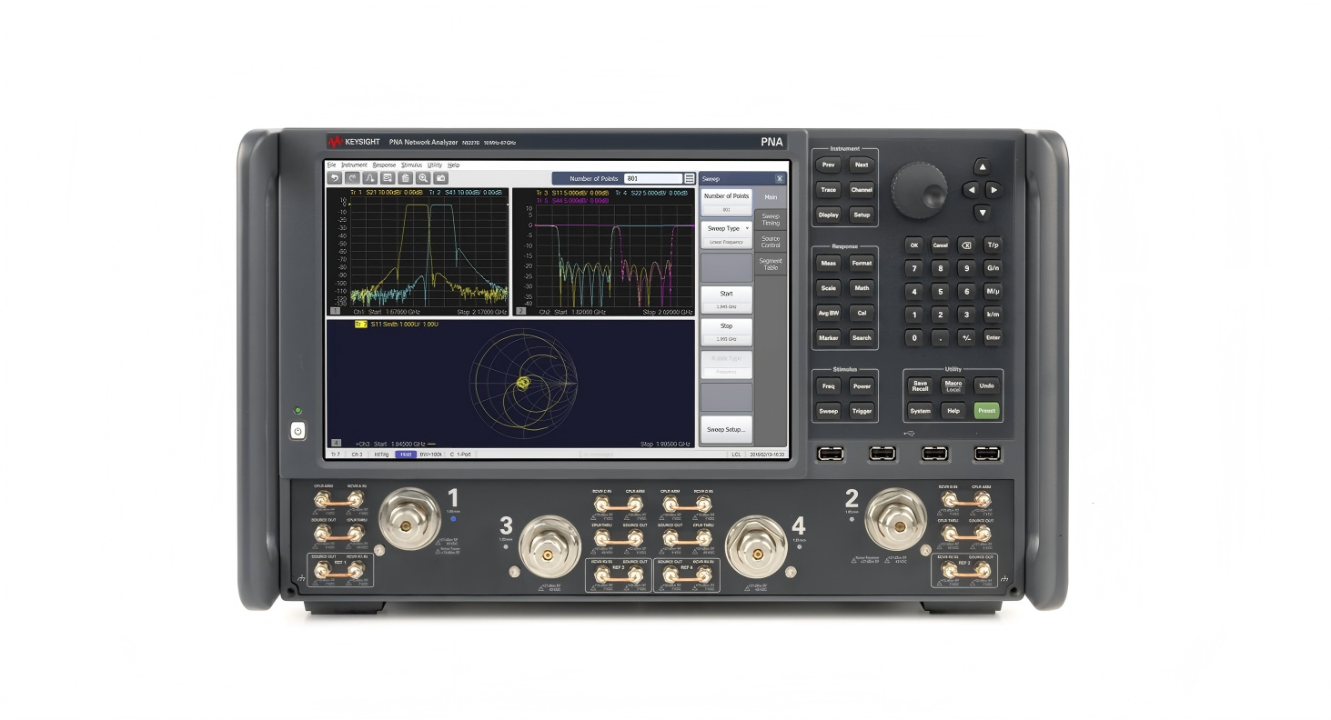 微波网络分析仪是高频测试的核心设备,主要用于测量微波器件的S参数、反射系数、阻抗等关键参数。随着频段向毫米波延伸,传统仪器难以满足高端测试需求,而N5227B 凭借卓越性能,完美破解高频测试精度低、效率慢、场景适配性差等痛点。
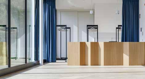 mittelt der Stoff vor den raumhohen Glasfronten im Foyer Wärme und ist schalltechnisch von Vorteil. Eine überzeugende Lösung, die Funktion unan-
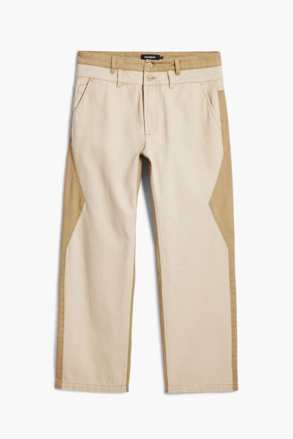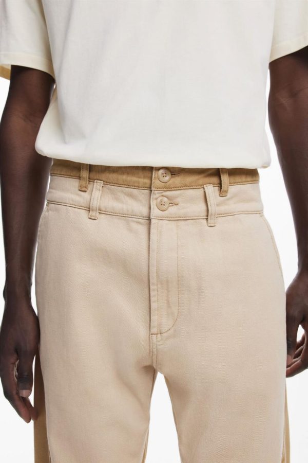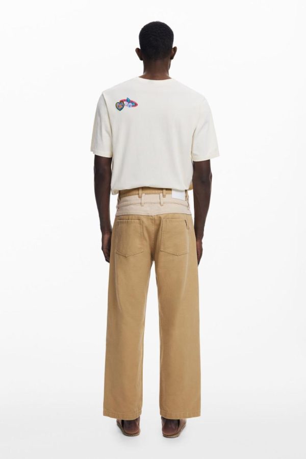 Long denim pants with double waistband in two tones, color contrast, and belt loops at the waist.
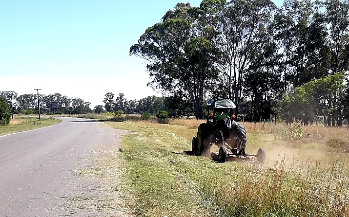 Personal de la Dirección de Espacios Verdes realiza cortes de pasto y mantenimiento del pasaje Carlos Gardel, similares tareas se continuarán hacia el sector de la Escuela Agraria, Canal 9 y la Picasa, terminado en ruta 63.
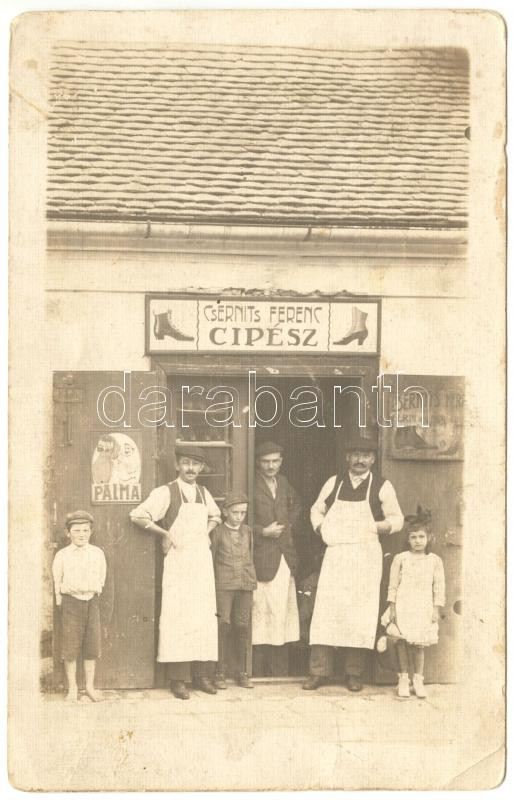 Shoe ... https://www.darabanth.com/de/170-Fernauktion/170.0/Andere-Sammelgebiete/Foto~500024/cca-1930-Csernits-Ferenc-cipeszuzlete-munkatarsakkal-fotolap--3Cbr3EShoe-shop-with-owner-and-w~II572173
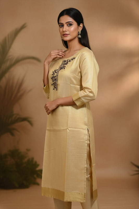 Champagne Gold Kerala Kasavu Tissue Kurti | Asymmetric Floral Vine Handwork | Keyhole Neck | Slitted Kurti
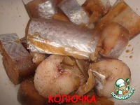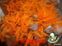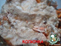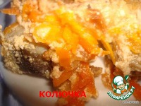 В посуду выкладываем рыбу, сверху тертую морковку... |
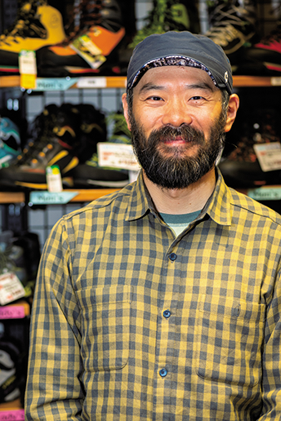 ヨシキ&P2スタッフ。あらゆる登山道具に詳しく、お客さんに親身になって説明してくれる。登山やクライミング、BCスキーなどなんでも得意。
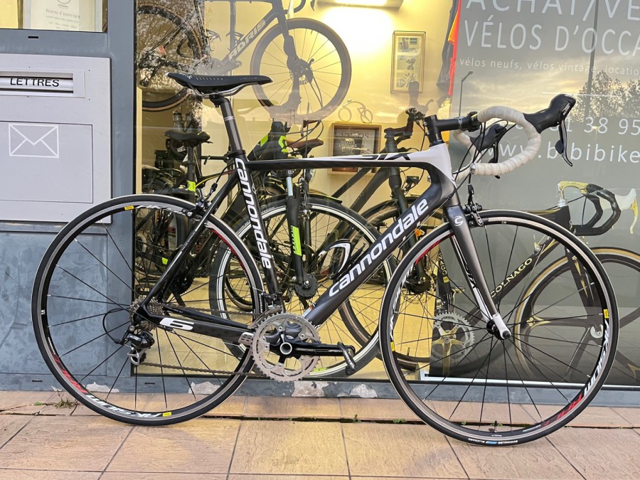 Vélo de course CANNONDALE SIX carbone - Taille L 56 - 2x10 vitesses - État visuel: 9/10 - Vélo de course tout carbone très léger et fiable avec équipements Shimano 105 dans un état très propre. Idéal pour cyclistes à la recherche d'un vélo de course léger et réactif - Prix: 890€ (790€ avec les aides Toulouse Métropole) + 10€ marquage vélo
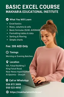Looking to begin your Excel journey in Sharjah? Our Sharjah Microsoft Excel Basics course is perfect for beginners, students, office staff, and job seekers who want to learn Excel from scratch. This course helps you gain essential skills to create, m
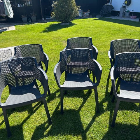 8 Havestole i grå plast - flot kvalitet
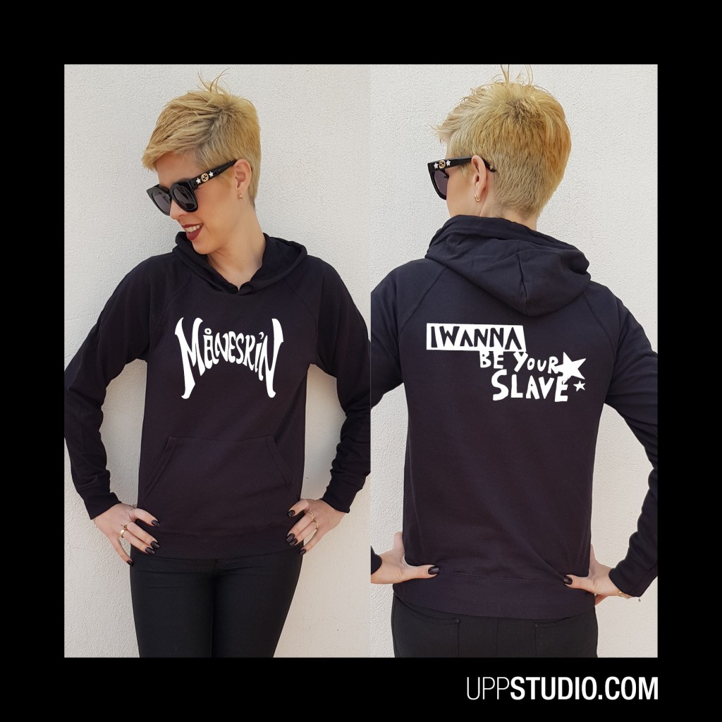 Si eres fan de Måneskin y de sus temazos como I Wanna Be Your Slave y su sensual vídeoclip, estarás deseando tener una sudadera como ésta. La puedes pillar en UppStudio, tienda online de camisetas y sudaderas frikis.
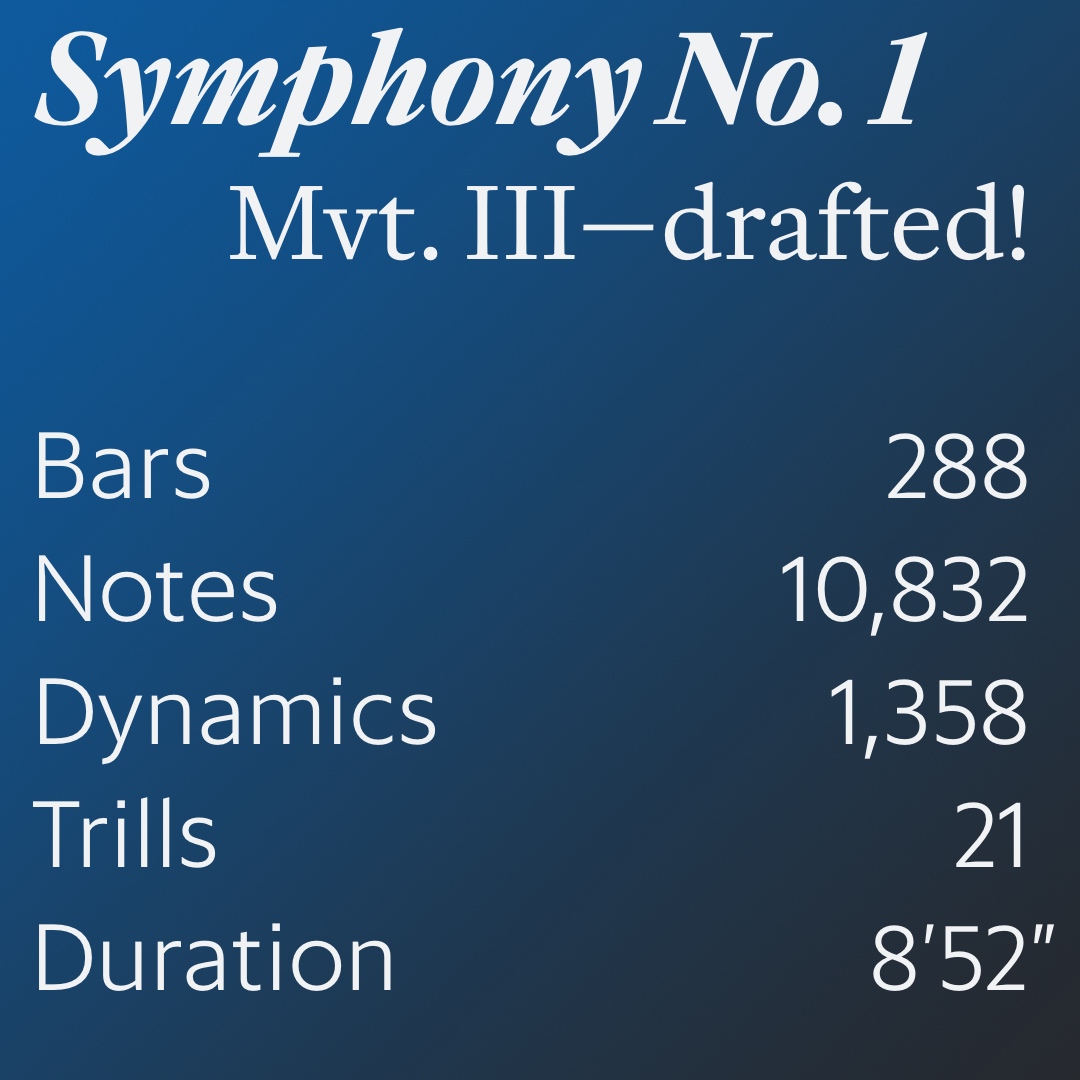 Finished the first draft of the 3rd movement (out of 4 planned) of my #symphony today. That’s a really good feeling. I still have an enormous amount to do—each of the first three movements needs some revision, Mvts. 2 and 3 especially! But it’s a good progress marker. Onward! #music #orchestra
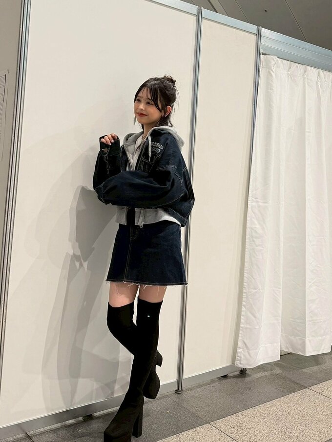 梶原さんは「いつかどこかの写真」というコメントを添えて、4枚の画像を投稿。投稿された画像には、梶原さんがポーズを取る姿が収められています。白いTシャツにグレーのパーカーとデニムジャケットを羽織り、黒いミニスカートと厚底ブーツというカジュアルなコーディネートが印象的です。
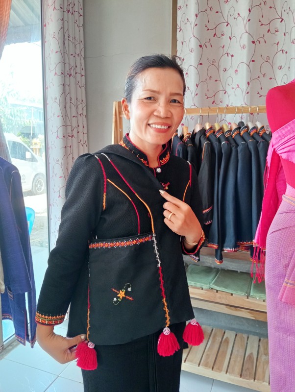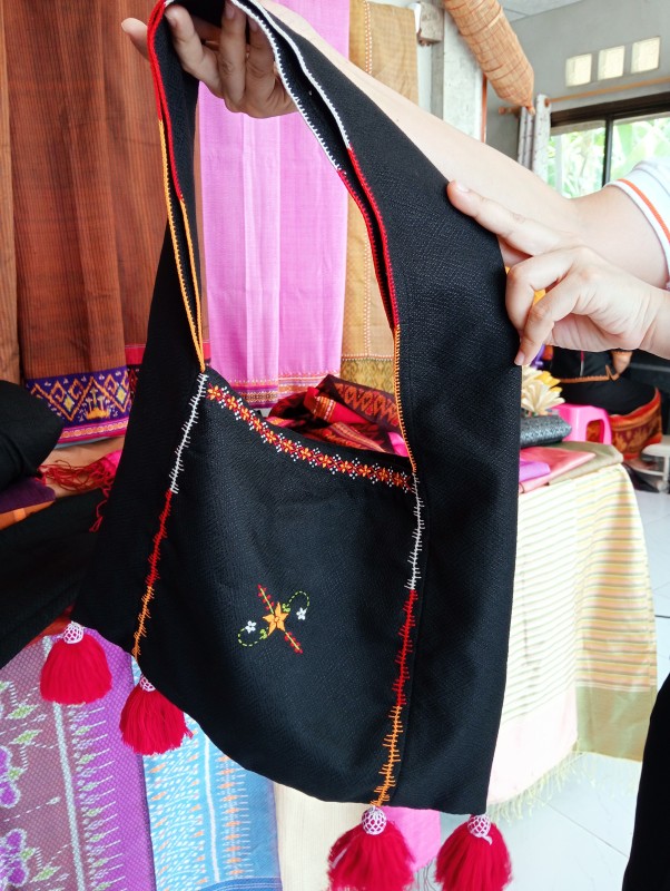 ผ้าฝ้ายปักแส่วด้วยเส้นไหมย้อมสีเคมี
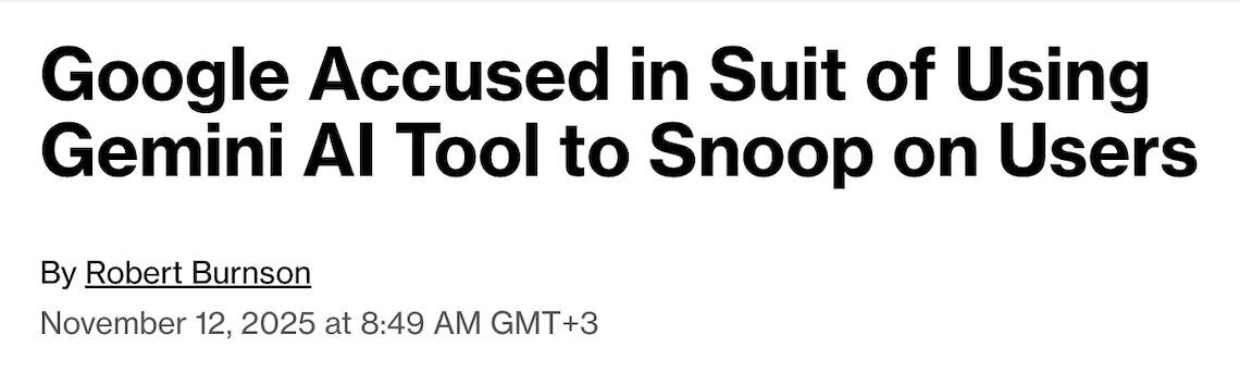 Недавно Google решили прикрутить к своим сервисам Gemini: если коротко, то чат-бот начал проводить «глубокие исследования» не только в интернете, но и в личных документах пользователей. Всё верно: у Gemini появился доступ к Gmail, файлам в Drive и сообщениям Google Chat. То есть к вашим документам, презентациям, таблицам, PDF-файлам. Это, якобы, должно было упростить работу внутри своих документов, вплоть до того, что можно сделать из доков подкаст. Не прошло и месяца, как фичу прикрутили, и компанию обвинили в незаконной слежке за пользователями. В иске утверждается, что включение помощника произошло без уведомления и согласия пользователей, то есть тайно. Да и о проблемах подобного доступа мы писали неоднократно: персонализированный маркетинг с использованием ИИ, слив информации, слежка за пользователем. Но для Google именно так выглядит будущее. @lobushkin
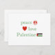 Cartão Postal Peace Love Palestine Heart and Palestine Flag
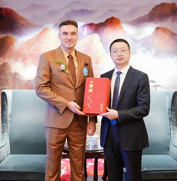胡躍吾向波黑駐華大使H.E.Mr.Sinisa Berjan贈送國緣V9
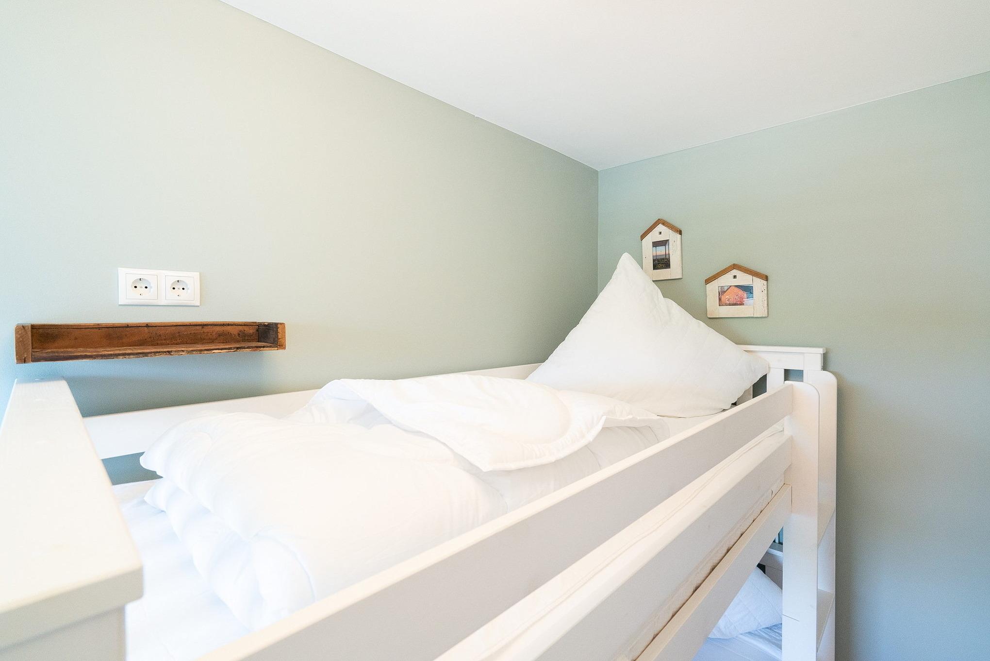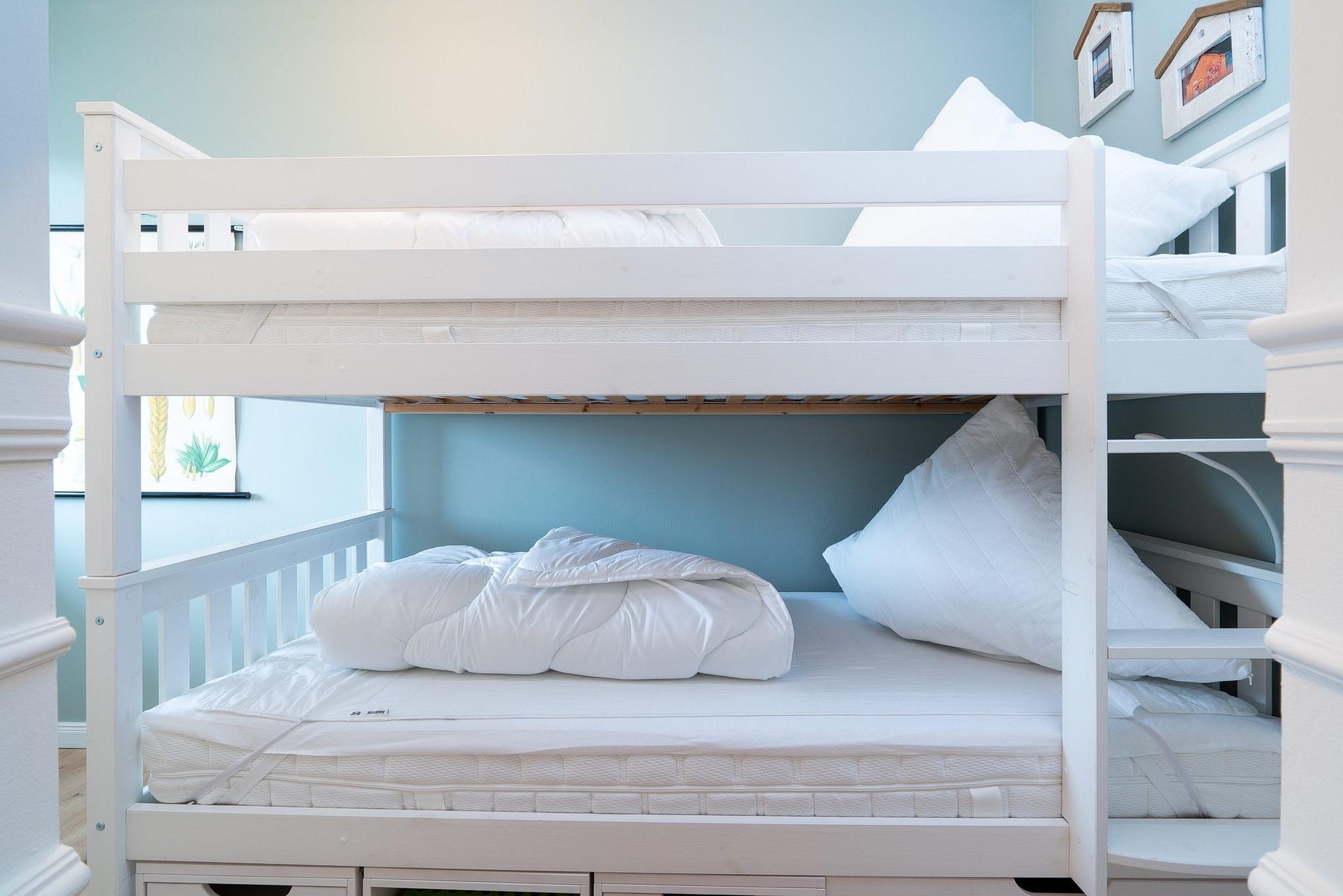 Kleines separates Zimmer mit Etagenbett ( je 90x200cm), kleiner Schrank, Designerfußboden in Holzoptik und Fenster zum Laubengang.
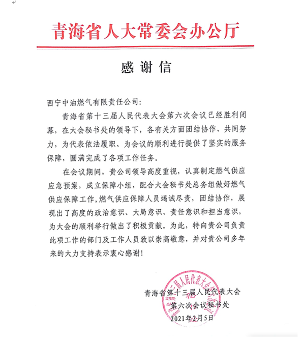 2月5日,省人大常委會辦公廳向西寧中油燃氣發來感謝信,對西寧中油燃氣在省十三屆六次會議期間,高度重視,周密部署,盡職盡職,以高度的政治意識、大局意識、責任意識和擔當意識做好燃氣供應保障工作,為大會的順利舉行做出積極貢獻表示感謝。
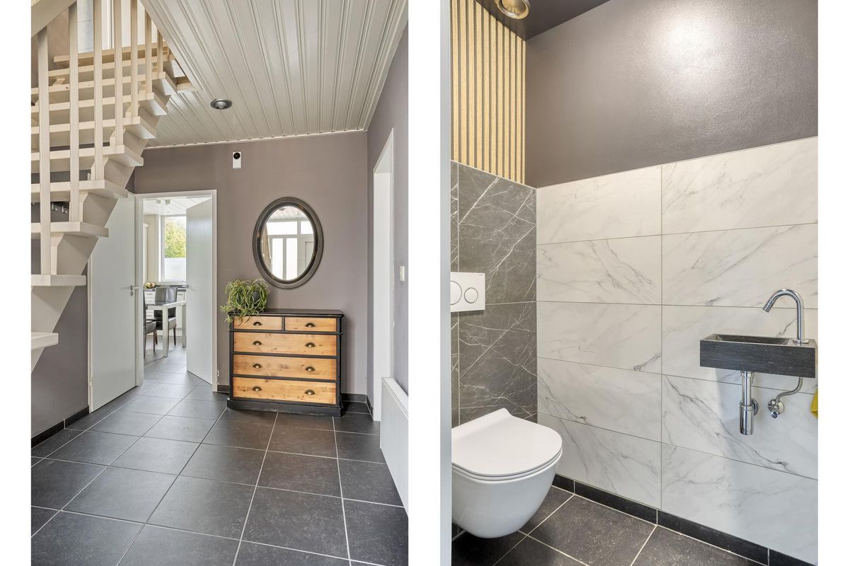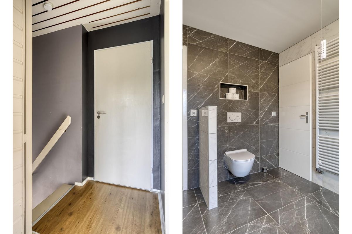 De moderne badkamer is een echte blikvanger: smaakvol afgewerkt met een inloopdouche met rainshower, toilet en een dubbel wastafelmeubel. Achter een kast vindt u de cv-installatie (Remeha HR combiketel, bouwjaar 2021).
━━━━━━━━━━━━━━━━
__What you will do__. Starting with the line that has "Looking to begin" and going on through the line that has "ผ้าฝ้ายปักแส่วด้วยเส้นไหมย้อมสีเคมี", transcribe the records above exactly, but skip the pictures.

__Exercise solution__.
Looking to begin your Excel journey in Sharjah? Our Sharjah Microsoft Excel Basics course is perfect for beginners, students, office staff, and job seekers who want to learn Excel from scratch. This course helps you gain essential skills to create, m
 8 Havestole i grå plast - flot kvalitet
 Si eres fan de Måneskin y de sus temazos como I Wanna Be Your Slave y su sensual vídeoclip, estarás deseando tener una sudadera como ésta. La puedes pillar en UppStudio, tienda online de camisetas y sudaderas frikis.
 Finished the first draft of the 3rd movement (out of 4 planned) of my #symphony today. That’s a really good feeling. I still have an enormous amount to do—each of the first three movements needs some revision, Mvts. 2 and 3 especially! But it’s a good progress marker. Onward! #music #orchestra
 梶原さんは「いつかどこかの写真」というコメントを添えて、4枚の画像を投稿。投稿された画像には、梶原さんがポーズを取る姿が収められています。白いTシャツにグレーのパーカーとデニムジャケットを羽織り、黒いミニスカートと厚底ブーツというカジュアルなコーディネートが印象的です。
 ผ้าฝ้ายปักแส่วด้วยเส้นไหมย้อมสีเคมี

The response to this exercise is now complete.